Extracted records
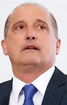 Onyx Dornelles Lorenzoni (born 3 October 1954) is a Brazilian politician, businessman, and veterinarian. A member of the Liberal Party (PL), he served as a federal deputy from Rio Grande do Sul for five terms. After the 2018 Brazilian general election, the president-elect Jair Bolsonaro invited Lorenzoni to be his Chief of Staff.[1] He was also designated leader of the transition team.[2]
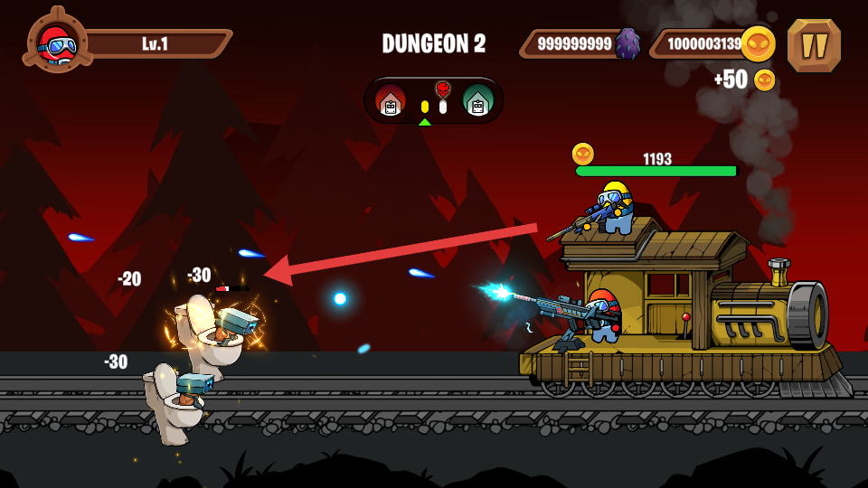 2、遇到馬桶造型的敵人時,用火車上的武器射擊它們,消滅這類敵人能獲取金幣的獎勵,積累資源。
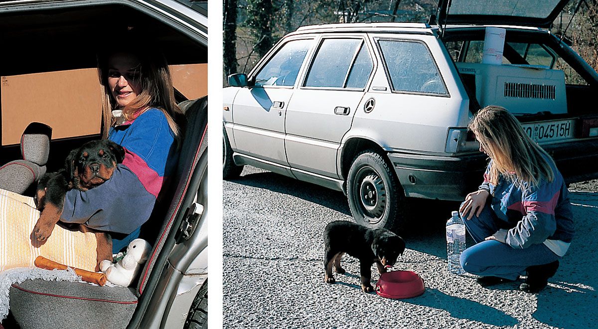 Si el viaje es largo, cuando veamos que el cachorro se ha tranquilizado es conveniente introducirlo en la jaula de viaje en cuyo interior habremos dispuesto papel de periódico cortado en tiras para absorber la orina. Si el viaje dura horas, haremos una parada en un lugar alejado del tráfico y haremos bajar al cachorro para que desentumezca las patas. Probablemente no defecará, atemorizado por las novedades; esto no deberá preocuparnos: le haremos beber un poco de agua fresca y cuando volvamos a introducirlo en la jaula le daremos una galleta para roer especial para perros. Si se le ve agitado, lo acariciaremos con la mano, si bien evitaremos cogerlo en brazos para que no crea que somos víctimas de cualquier emoción suya. Debemos darle la impresión de que comprendemos sus dificultades pero que no seremos nunca sus esclavos.
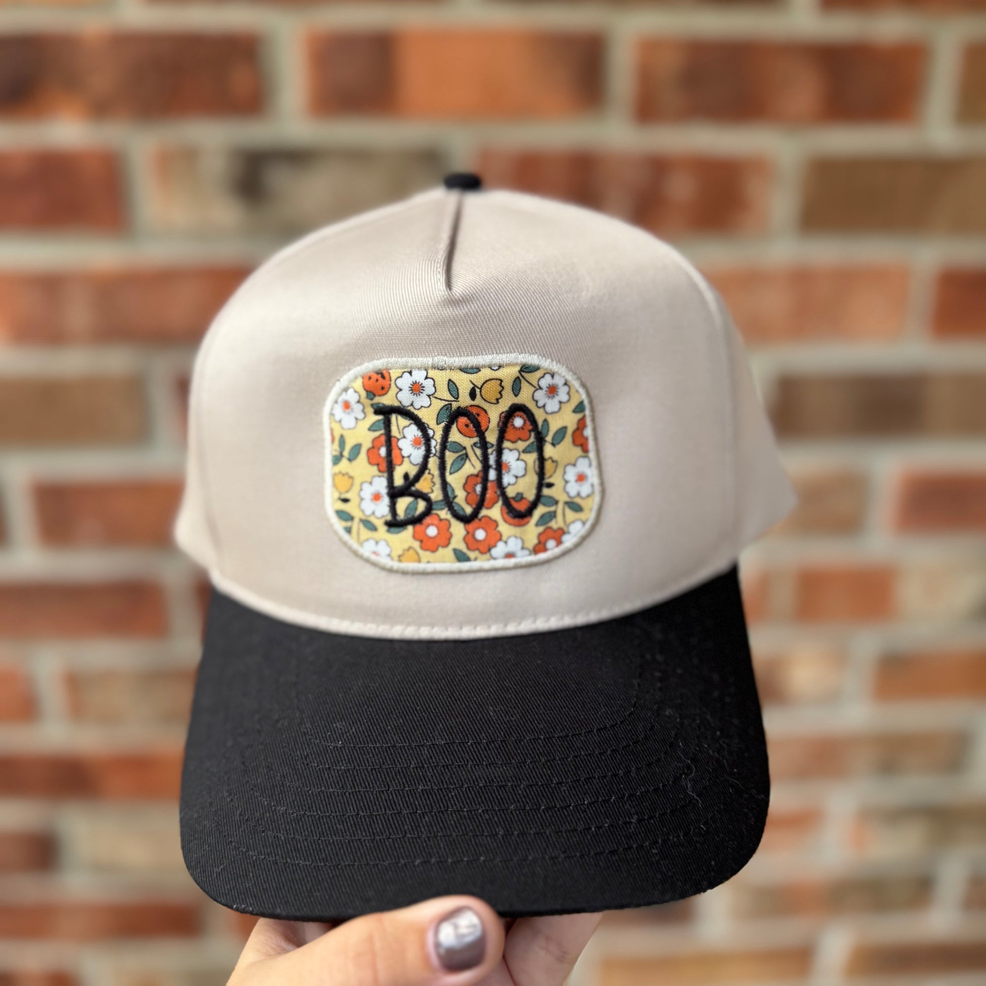 A playful mix of spooky and sweet! ๐ This BOO embroidered patch hat features bold black lettering over a retro floral background, making it the perfect accessory for fall. With a neutral tan crown, black bill, and a comfortable fit, itโs easy to style for pumpkin patches, trick-or-treating, or everyday wear.
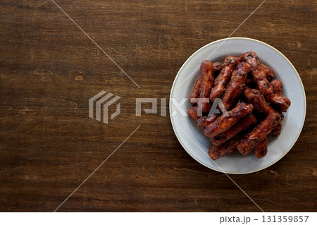 真上から見たテーブル背景の皿に盛った黒糖かりんとう(黒かりんとう)
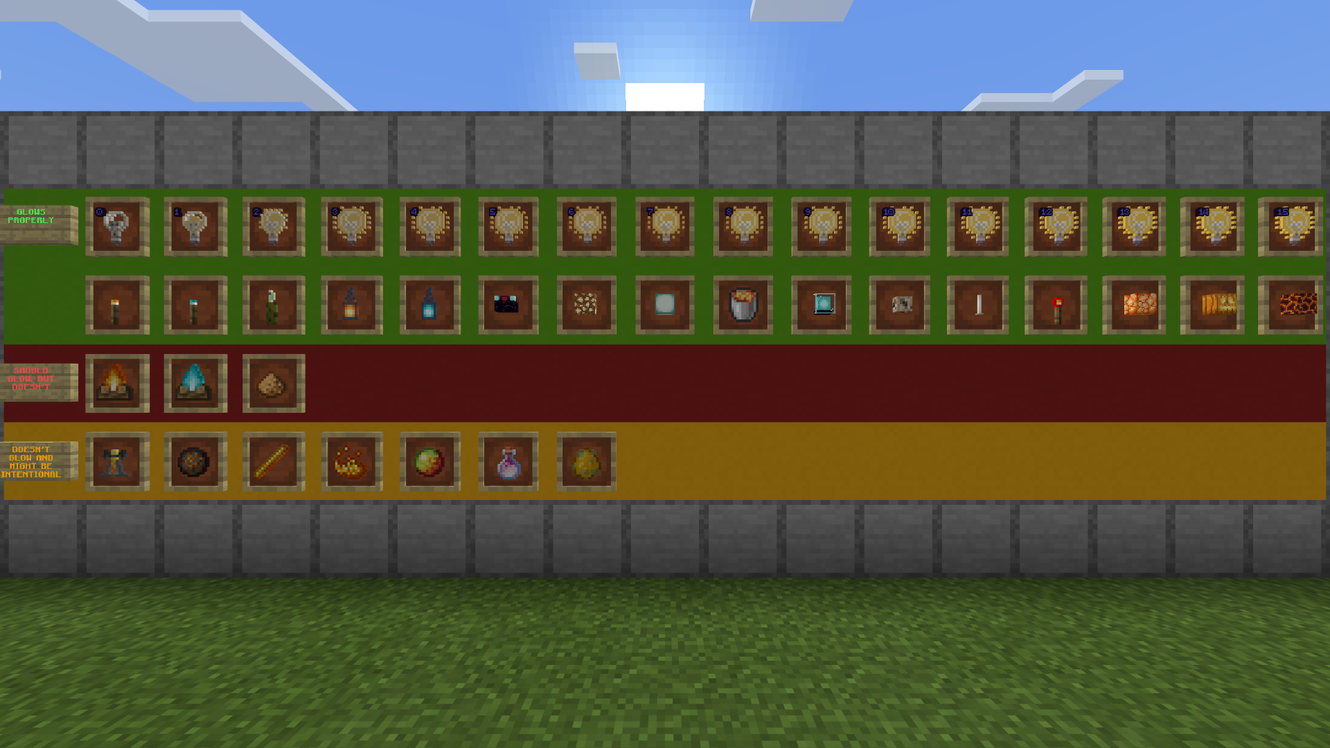 Light emitting blocks and items have a special "glowing" visual effect when being held or placed on an item frame. However, certain items such as campfires don't do the same. See both pictures for a comparison (Education Edition items not included).

PROBLEM TO WORK ON ▸ What you should return is the exact text of every line from the top of the entries through the line with "2、遇到馬桶造型的敵人時,用", pictures removed.

OUTPUT FOR THIS EXERCISE ▸
 Onyx Dornelles Lorenzoni (born 3 October 1954) is a Brazilian politician, businessman, and veterinarian. A member of the Liberal Party (PL), he served as a federal deputy from Rio Grande do Sul for five terms. After the 2018 Brazilian general election, the president-elect Jair Bolsonaro invited Lorenzoni to be his Chief of Staff.[1] He was also designated leader of the transition team.[2]
 2、遇到馬桶造型的敵人時,用火車上的武器射擊它們,消滅這類敵人能獲取金幣的獎勵,積累資源。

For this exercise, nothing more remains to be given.